__Your assignment__
The task calls for the lines from the start of the entries below through the line with "2日後各クラスにて豆の皮むきをしました。", given again verbatim, with every picture dropped.

__Supplied records__
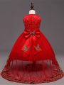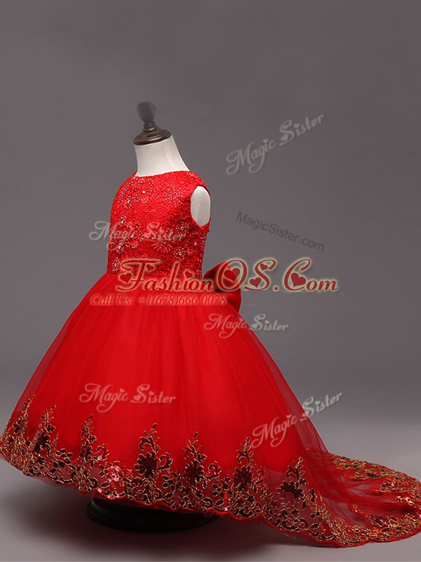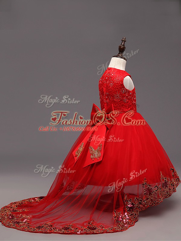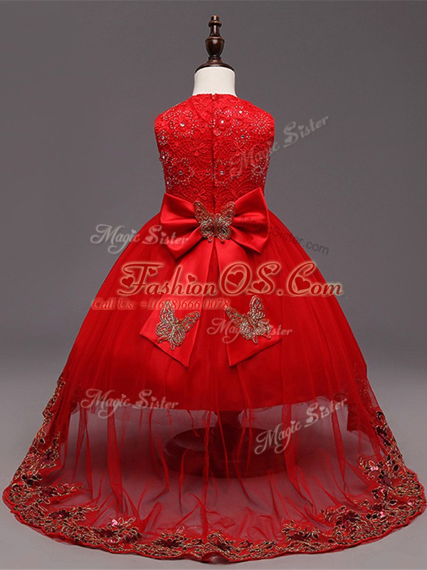 Cute Sleeveless Zipper High Low Lace and Bowknot Kids Pageant Dress
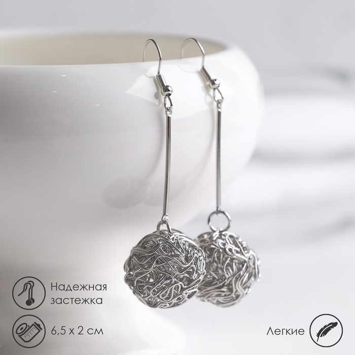 Серьги висячие «Шарик» переплетение, цвет серебро, 6,5 см
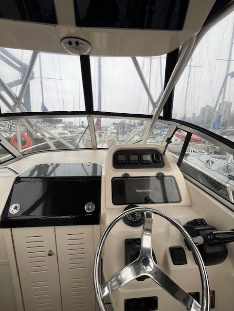Rare 258 Grady White Journey, low hours four stroke F150s. This is a very versatile fishing, commuting , weekend cruiser. It has the Hard top upgrade with a full enclosure for all year boating. The owner is selling because he is aging out of boating. There is a windlass with remote, 2 wipers, Ray C80 GPS / fish finder, bulkhead compass, trim tabs with gauge, Ray VHF radio, 2 batteries with isolator switches. The Vberth is spacious and there is a toilet with macerator. The cockpit is self bailing with a transom door, rod holders, wired for scotty downriggers, folding transom seat , transom shower and raw water wash down. This is a great little fishing package ready to go for the spring. Call anytime for an appointment to view.
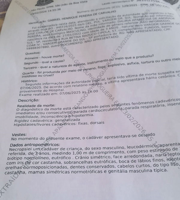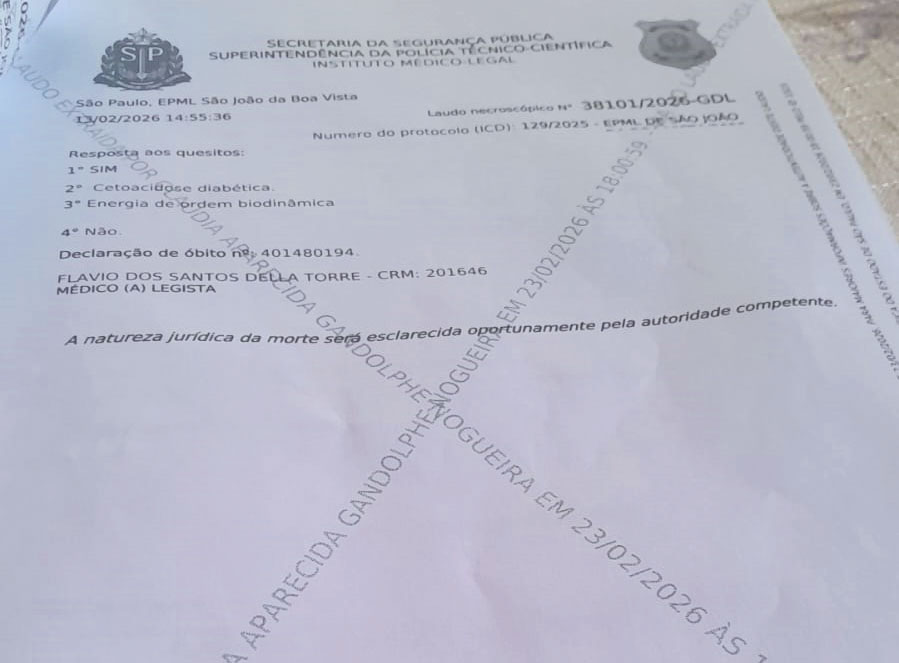 O laudo, que foi apresentado à Gazeta pela mãe do menino, assinado pelo médico legista Flavio dos Santos Della Torre, apontou que a causa da morte foi glicemia muito alta, levando a complicações metabólicas, caracterizadas como cetoacidose diabética.
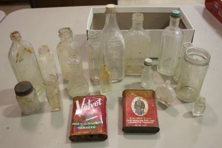 Box Lot of Old Bottles and Prince Albert Tins Box Lot of Old Bottles and Prince Albert Tins
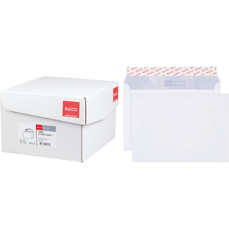 ELCO Briefumschläge Premium in Bürogrosspackung hochweisse Top-Qualität, chlorfrei, grauer Innendruck aus 100% Wasserfarbe. Nachhaltigkeit eco:plus: recyclingfähig. Zertifikat: FSC. C5, mit Optifix® Haftklebeverschluss 229 x 162 mm, Façon DNG-HK. Schachtel zu 500 Stück.
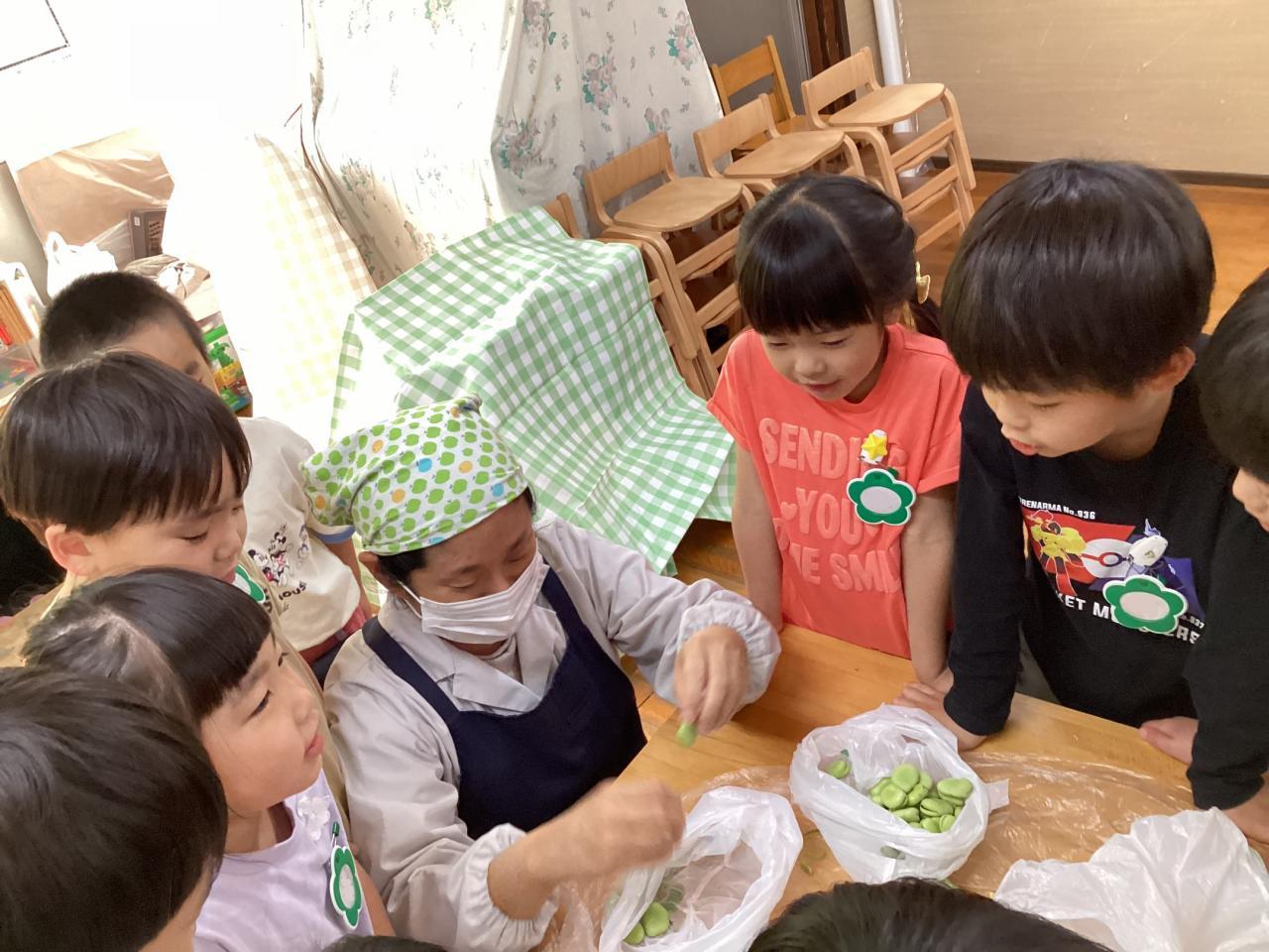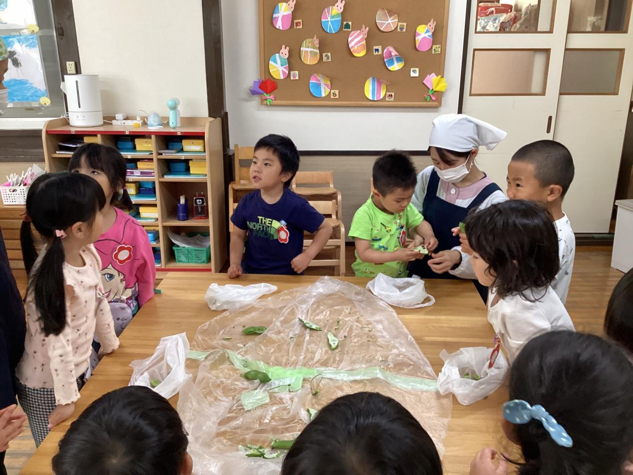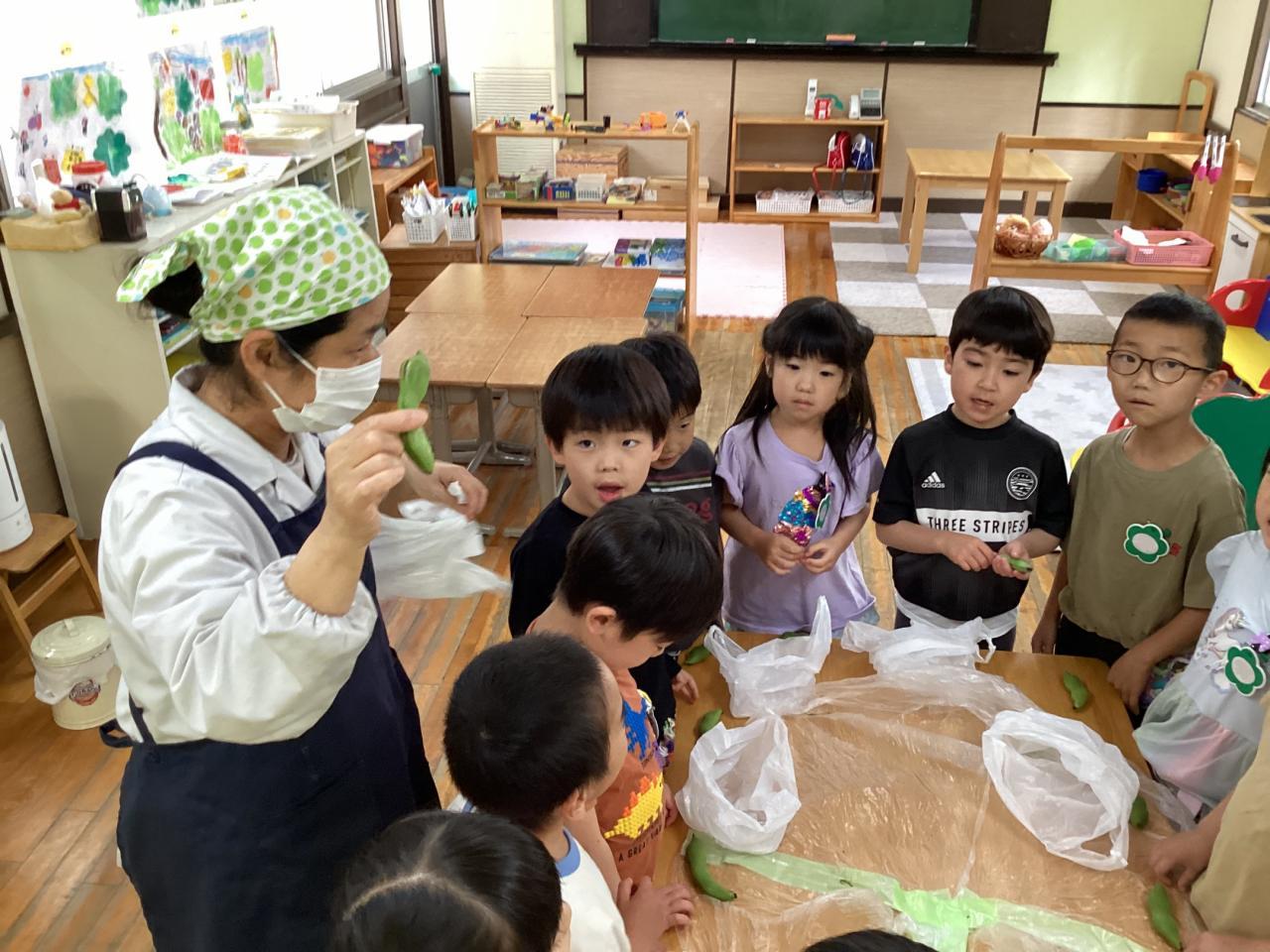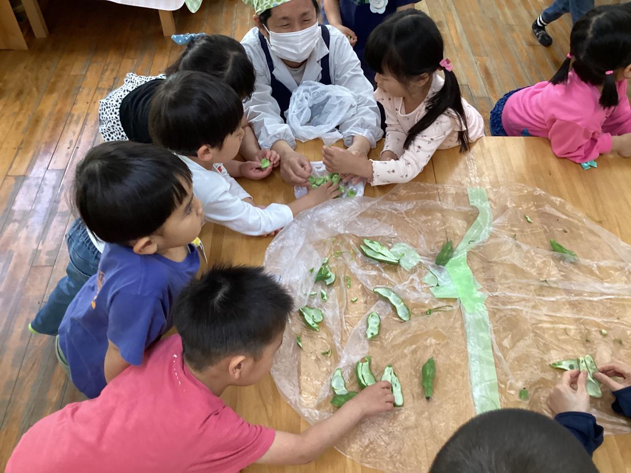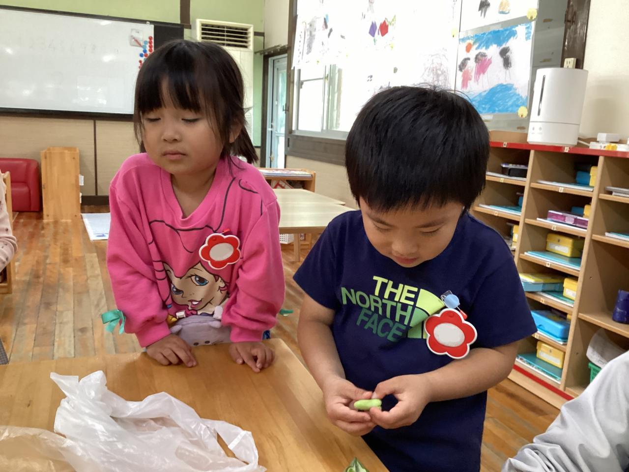 2日後各クラスにて豆の皮むきをしました。
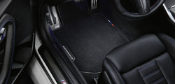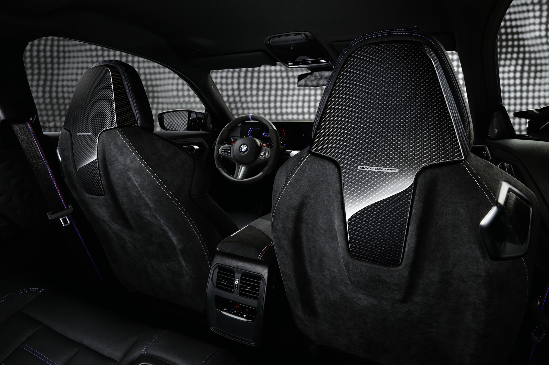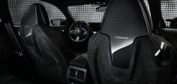 The M Sport seats and the Pro steering wheel are also available in Alcantara. Carbon fiber and Alcantara & carbon fiber and leather versions of the less extreme M Performance steering wheel are available, and so are carbon fiber paddle shifters. There are also velour M Performance floor mats, M Performance door pins, and a carbon fiber M Performance fuel filler cap.

__Task solution__
 Cute Sleeveless Zipper High Low Lace and Bowknot Kids Pageant Dress
 Серьги висячие «Шарик» переплетение, цвет серебро, 6,5 см
Rare 258 Grady White Journey, low hours four stroke F150s. This is a very versatile fishing, commuting , weekend cruiser. It has the Hard top upgrade with a full enclosure for all year boating. The owner is selling because he is aging out of boating. There is a windlass with remote, 2 wipers, Ray C80 GPS / fish finder, bulkhead compass, trim tabs with gauge, Ray VHF radio, 2 batteries with isolator switches. The Vberth is spacious and there is a toilet with macerator. The cockpit is self bailing with a transom door, rod holders, wired for scotty downriggers, folding transom seat , transom shower and raw water wash down. This is a great little fishing package ready to go for the spring. Call anytime for an appointment to view.
 O laudo, que foi apresentado à Gazeta pela mãe do menino, assinado pelo médico legista Flavio dos Santos Della Torre, apontou que a causa da morte foi glicemia muito alta, levando a complicações metabólicas, caracterizadas como cetoacidose diabética.
 Box Lot of Old Bottles and Prince Albert Tins Box Lot of Old Bottles and Prince Albert Tins
 ELCO Briefumschläge Premium in Bürogrosspackung hochweisse Top-Qualität, chlorfrei, grauer Innendruck aus 100% Wasserfarbe. Nachhaltigkeit eco:plus: recyclingfähig. Zertifikat: FSC. C5, mit Optifix® Haftklebeverschluss 229 x 162 mm, Façon DNG-HK. Schachtel zu 500 Stück.
 2日後各クラスにて豆の皮むきをしました。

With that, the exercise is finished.